### MATERIAL PROVIDED
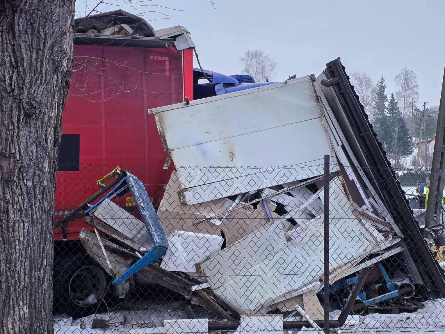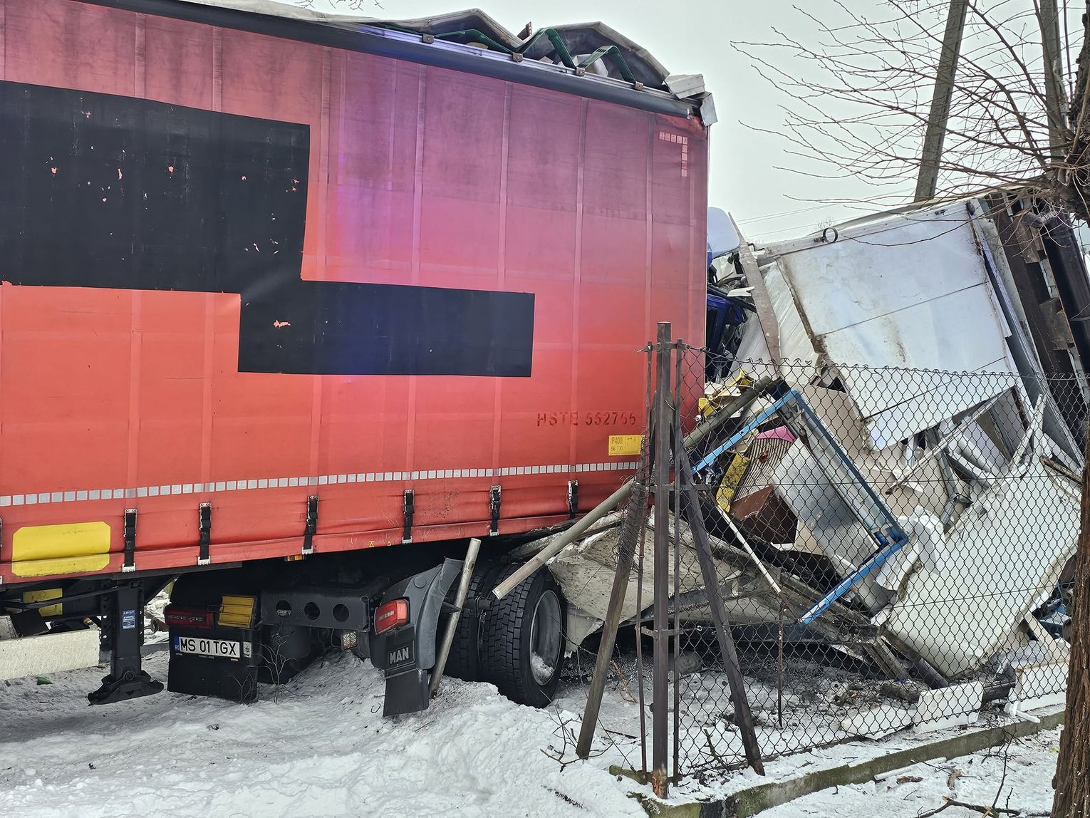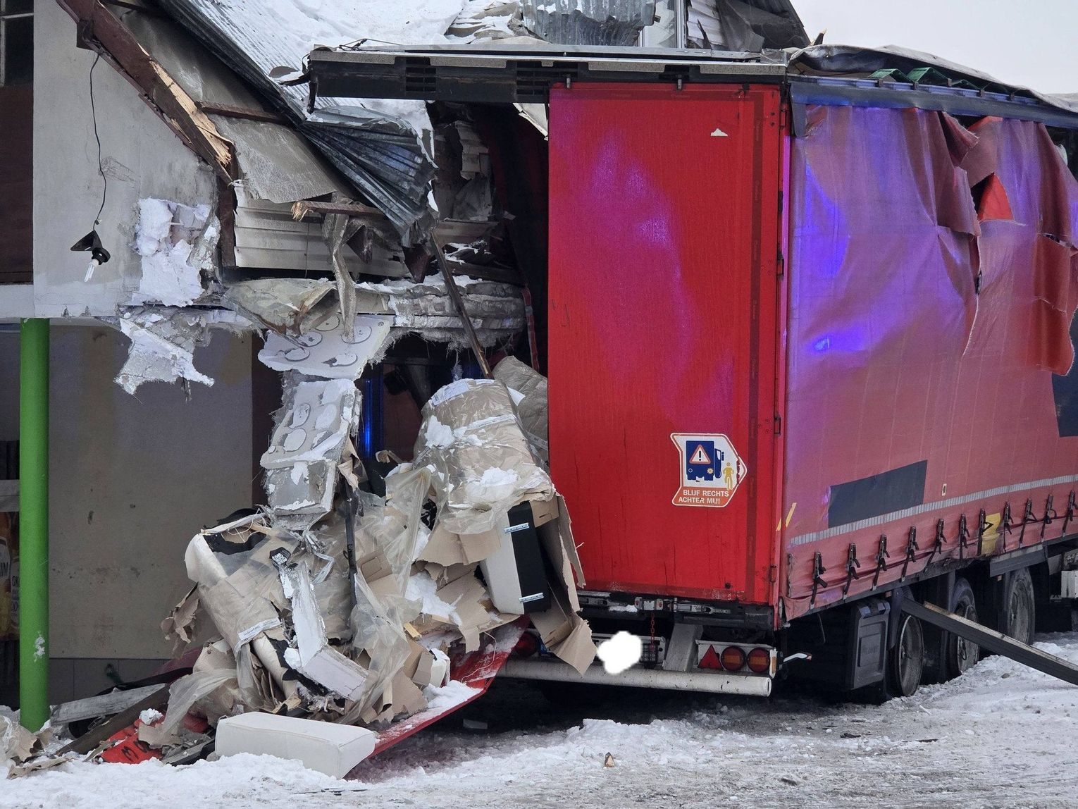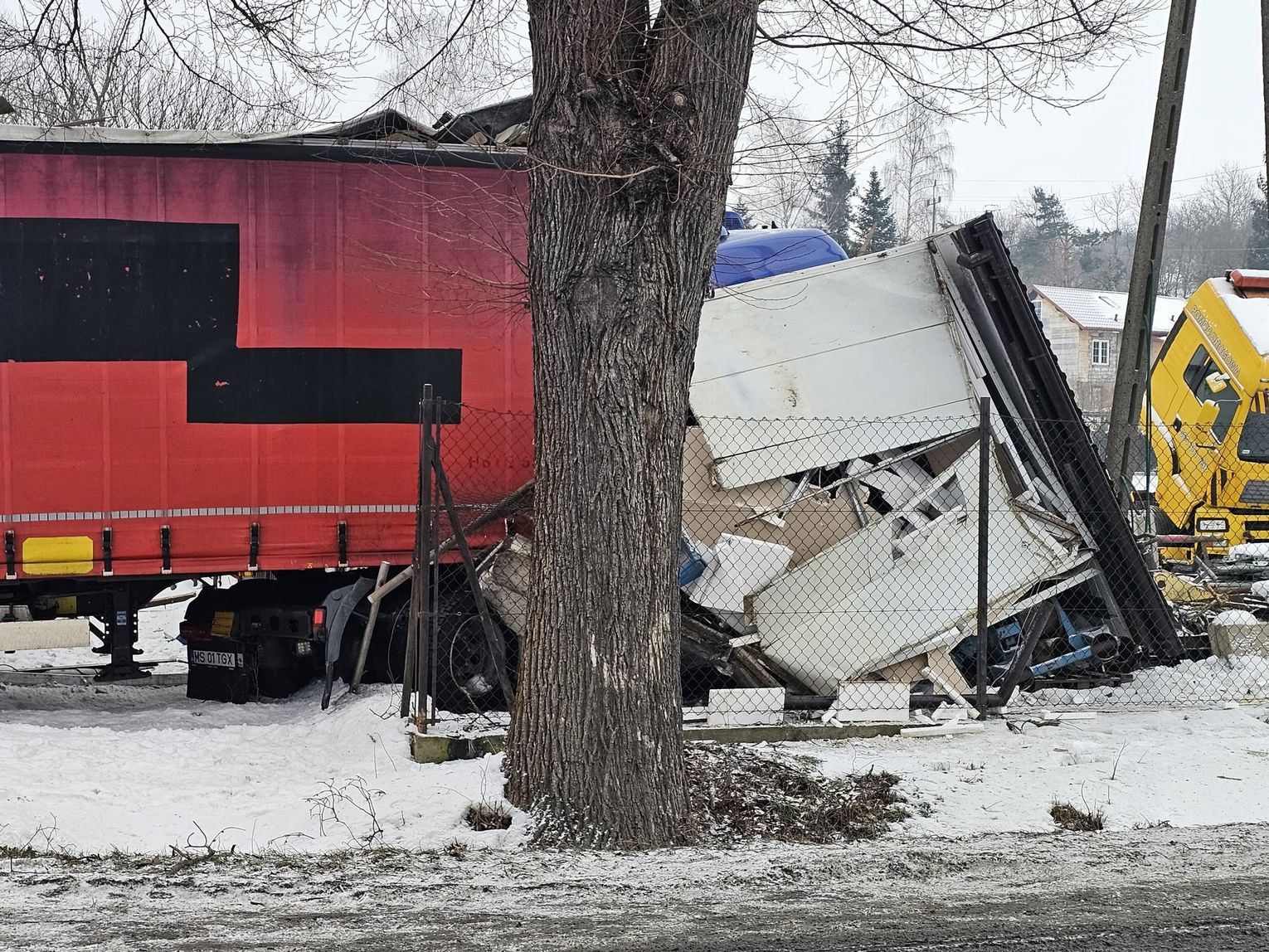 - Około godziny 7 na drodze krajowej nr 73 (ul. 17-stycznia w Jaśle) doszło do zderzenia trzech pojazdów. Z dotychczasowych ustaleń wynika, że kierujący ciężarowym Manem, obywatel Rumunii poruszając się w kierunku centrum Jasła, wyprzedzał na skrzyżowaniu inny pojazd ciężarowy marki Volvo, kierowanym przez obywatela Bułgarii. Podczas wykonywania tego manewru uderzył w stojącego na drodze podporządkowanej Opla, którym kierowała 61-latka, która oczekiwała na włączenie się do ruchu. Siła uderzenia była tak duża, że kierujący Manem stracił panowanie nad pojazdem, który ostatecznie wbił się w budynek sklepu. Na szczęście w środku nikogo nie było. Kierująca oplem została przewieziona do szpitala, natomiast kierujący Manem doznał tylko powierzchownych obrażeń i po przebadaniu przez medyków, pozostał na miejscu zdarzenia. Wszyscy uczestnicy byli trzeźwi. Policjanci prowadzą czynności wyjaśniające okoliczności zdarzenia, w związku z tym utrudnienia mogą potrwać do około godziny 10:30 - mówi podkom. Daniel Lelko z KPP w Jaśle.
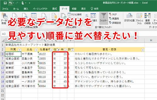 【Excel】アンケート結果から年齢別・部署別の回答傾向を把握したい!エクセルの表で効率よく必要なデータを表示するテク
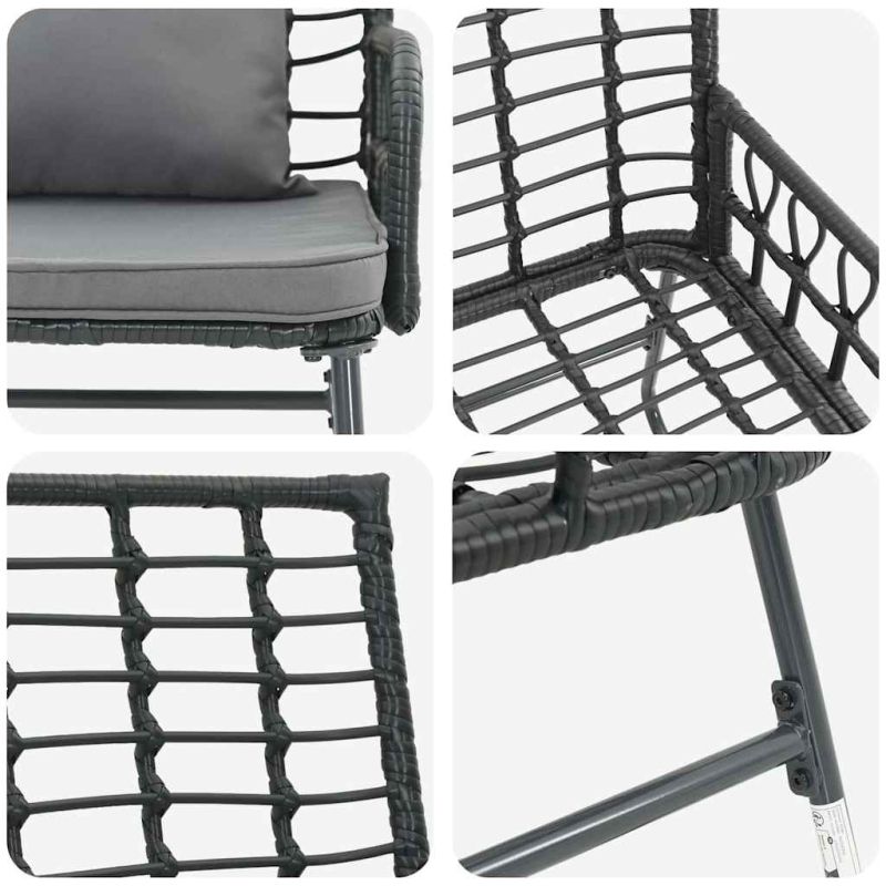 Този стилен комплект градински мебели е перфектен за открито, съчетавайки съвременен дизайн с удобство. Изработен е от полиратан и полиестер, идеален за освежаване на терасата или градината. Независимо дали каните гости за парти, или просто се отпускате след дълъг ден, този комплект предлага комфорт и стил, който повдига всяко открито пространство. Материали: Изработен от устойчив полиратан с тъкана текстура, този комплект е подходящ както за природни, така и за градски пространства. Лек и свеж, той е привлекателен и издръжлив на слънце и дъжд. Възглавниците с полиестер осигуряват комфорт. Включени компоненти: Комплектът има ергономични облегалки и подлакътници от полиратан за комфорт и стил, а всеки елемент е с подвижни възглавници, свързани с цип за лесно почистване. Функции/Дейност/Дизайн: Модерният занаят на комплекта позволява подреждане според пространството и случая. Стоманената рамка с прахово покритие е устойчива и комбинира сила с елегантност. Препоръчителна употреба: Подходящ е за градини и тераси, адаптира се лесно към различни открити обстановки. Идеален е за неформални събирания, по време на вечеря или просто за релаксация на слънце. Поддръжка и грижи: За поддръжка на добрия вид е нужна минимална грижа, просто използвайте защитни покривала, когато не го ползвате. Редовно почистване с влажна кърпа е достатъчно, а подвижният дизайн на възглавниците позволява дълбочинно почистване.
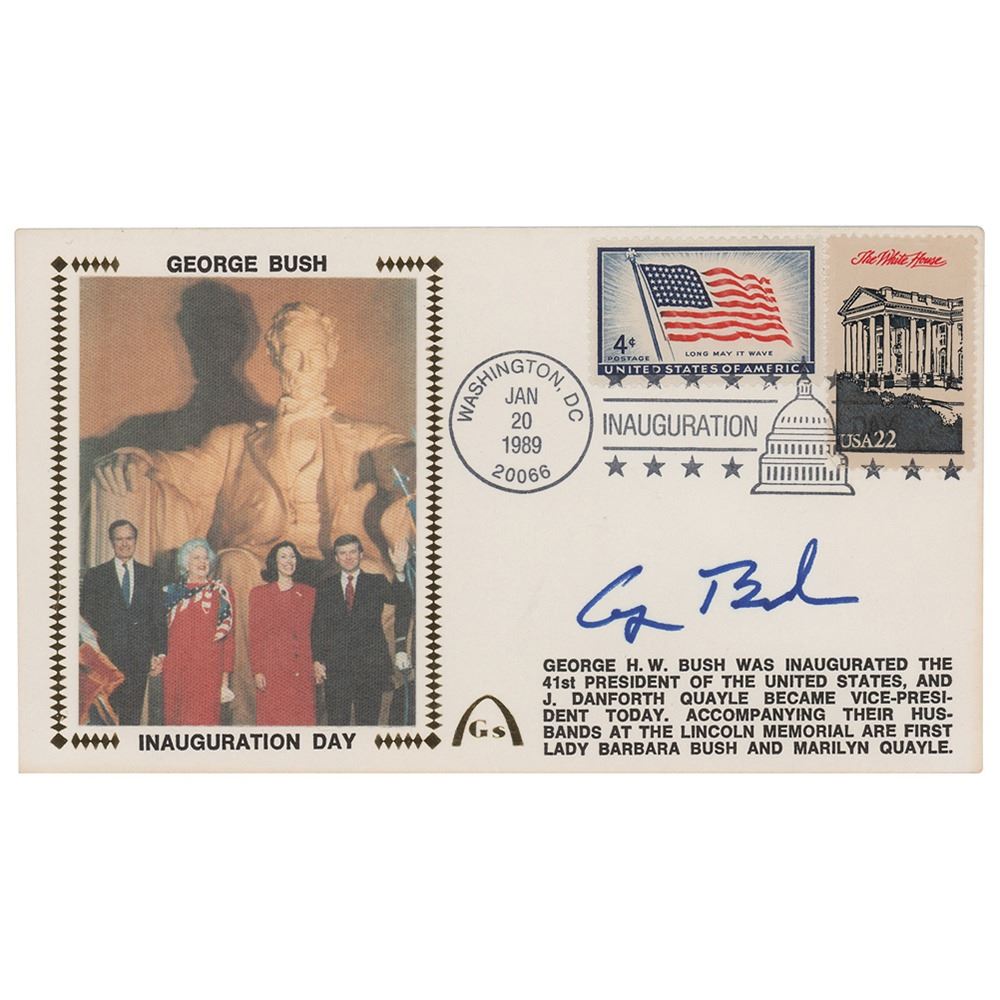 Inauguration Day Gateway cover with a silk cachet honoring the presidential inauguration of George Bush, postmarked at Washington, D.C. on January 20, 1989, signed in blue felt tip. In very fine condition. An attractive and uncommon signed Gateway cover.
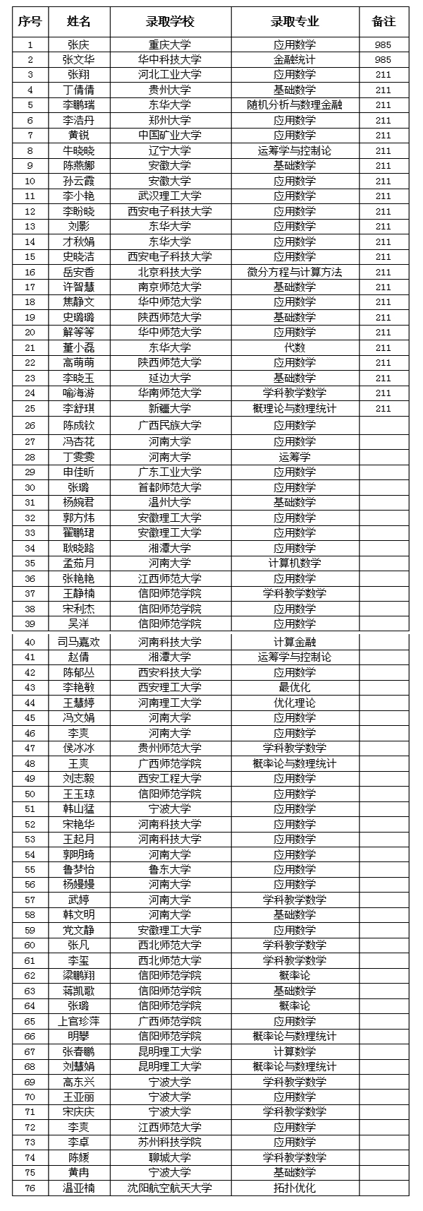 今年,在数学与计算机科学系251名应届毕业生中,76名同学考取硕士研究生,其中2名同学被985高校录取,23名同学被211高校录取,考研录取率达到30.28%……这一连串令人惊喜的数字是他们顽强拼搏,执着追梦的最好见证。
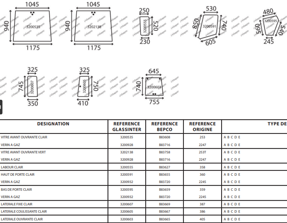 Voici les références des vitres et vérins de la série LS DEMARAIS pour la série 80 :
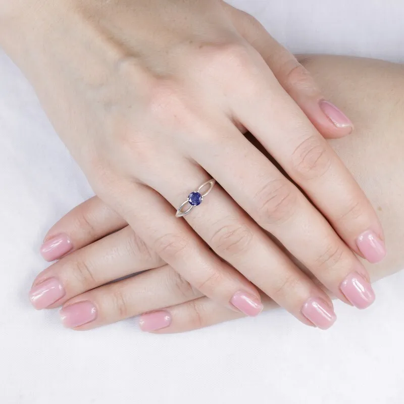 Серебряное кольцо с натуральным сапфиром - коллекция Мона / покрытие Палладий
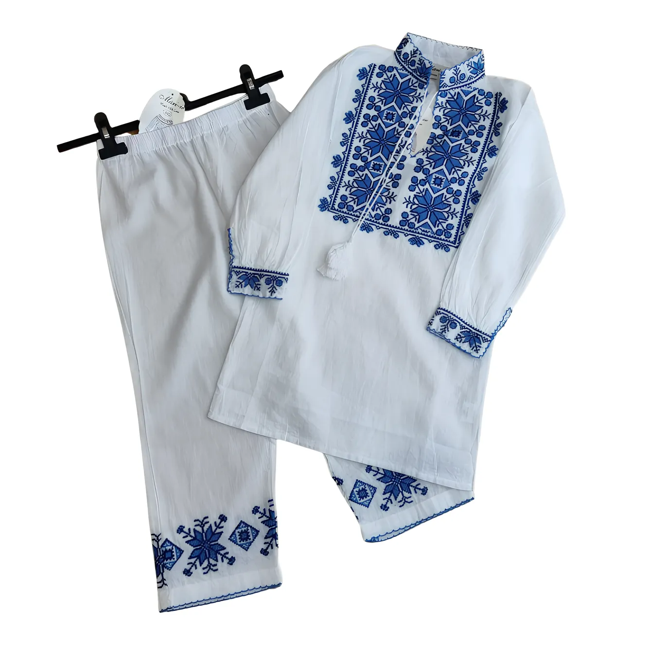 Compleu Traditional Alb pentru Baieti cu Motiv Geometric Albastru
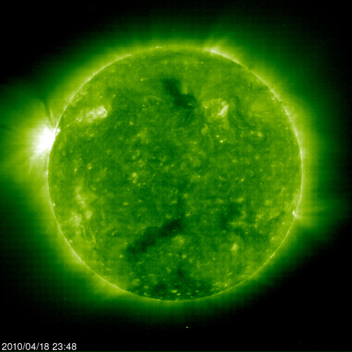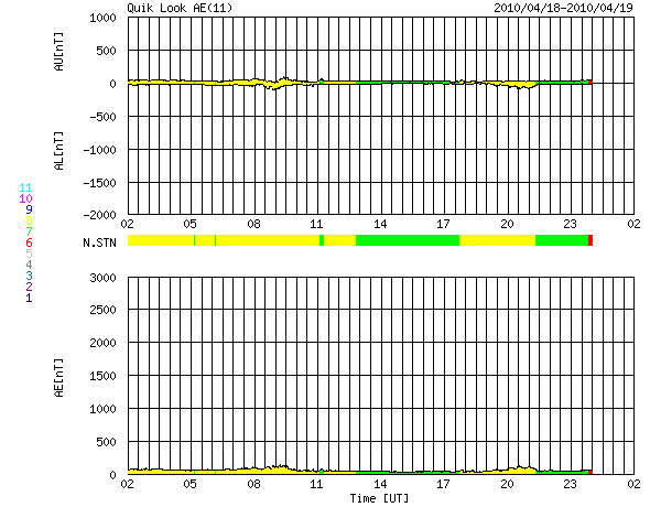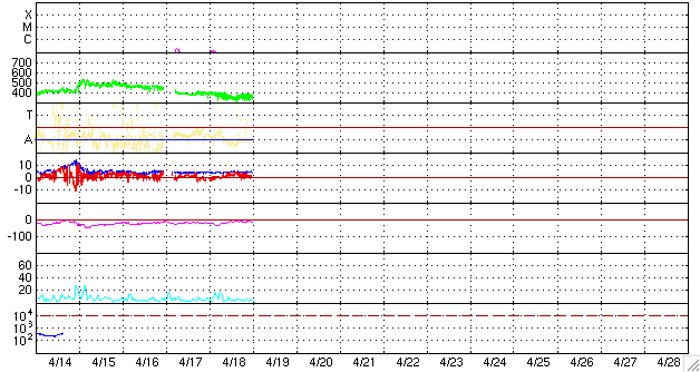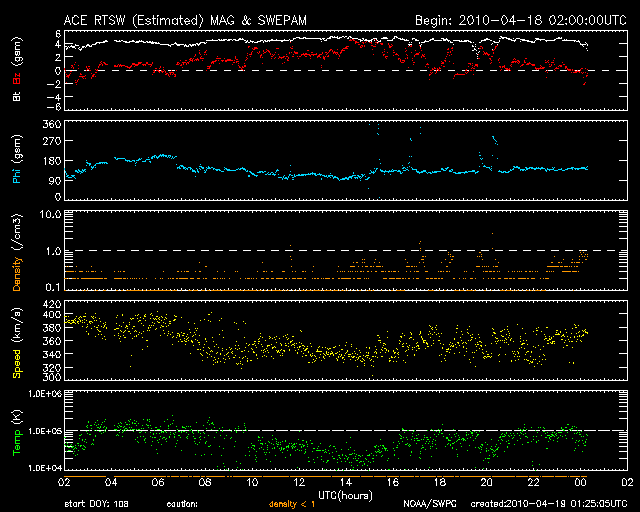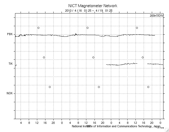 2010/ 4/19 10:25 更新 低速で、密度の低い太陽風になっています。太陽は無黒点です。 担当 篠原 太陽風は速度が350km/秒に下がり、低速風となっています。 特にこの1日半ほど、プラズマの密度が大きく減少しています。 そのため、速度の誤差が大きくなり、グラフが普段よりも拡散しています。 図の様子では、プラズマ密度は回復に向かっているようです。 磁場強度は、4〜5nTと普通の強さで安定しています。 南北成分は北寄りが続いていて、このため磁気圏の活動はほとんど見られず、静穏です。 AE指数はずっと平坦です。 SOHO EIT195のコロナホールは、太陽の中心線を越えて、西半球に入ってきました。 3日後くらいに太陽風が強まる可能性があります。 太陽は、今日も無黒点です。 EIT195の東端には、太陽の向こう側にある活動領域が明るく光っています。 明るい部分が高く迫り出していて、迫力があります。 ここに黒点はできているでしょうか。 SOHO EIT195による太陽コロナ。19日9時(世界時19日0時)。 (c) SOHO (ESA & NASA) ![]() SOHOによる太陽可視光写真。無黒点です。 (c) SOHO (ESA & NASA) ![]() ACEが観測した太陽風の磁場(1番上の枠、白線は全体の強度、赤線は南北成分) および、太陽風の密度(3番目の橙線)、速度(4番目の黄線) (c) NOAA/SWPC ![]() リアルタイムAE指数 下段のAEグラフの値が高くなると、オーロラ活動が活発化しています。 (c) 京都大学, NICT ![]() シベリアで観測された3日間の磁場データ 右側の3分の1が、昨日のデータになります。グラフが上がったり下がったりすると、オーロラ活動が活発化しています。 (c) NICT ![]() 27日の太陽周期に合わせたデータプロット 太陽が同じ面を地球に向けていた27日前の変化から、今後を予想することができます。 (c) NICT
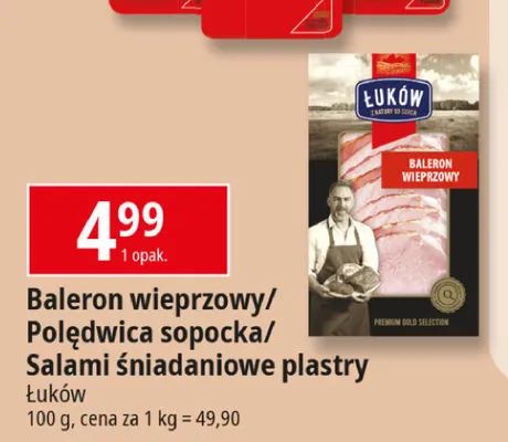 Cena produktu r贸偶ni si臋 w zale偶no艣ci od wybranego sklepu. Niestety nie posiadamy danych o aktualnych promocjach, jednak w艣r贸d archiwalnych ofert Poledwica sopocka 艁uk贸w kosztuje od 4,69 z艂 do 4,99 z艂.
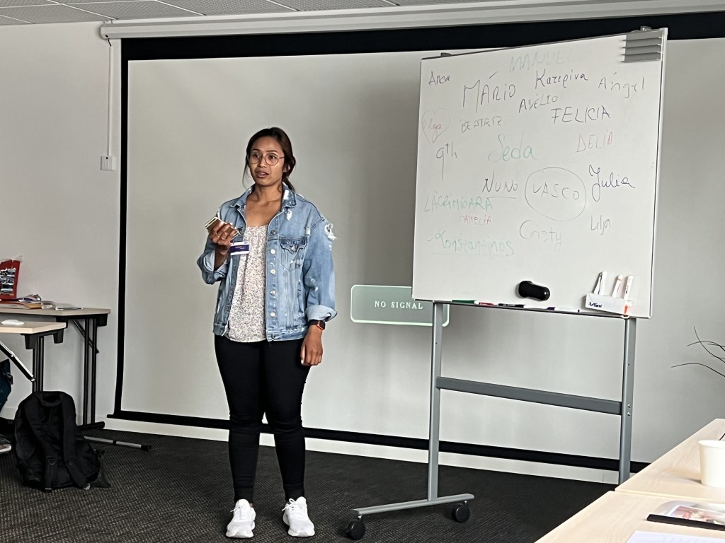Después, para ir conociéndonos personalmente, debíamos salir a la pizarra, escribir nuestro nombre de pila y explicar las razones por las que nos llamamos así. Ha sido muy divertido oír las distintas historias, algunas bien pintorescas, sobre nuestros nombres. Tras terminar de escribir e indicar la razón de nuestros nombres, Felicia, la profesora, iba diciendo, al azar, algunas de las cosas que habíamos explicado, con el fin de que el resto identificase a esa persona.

### EXERCISE
An exact copy is needed of the stretch above that opens with the line containing "Inauguration Day Gateway" and closes with the line containing "Compleu Traditional Alb"; the pictures are not part of it.

### TASK RESULT
 Inauguration Day Gateway cover with a silk cachet honoring the presidential inauguration of George Bush, postmarked at Washington, D.C. on January 20, 1989, signed in blue felt tip. In very fine condition. An attractive and uncommon signed Gateway cover.
 今年,在数学与计算机科学系251名应届毕业生中,76名同学考取硕士研究生,其中2名同学被985高校录取,23名同学被211高校录取,考研录取率达到30.28%……这一连串令人惊喜的数字是他们顽强拼搏,执着追梦的最好见证。
 Voici les références des vitres et vérins de la série LS DEMARAIS pour la série 80 :
 Серебряное кольцо с натуральным сапфиром - коллекция Мона / покрытие Палладий
 Compleu Traditional Alb pentru Baieti cu Motiv Geometric Albastru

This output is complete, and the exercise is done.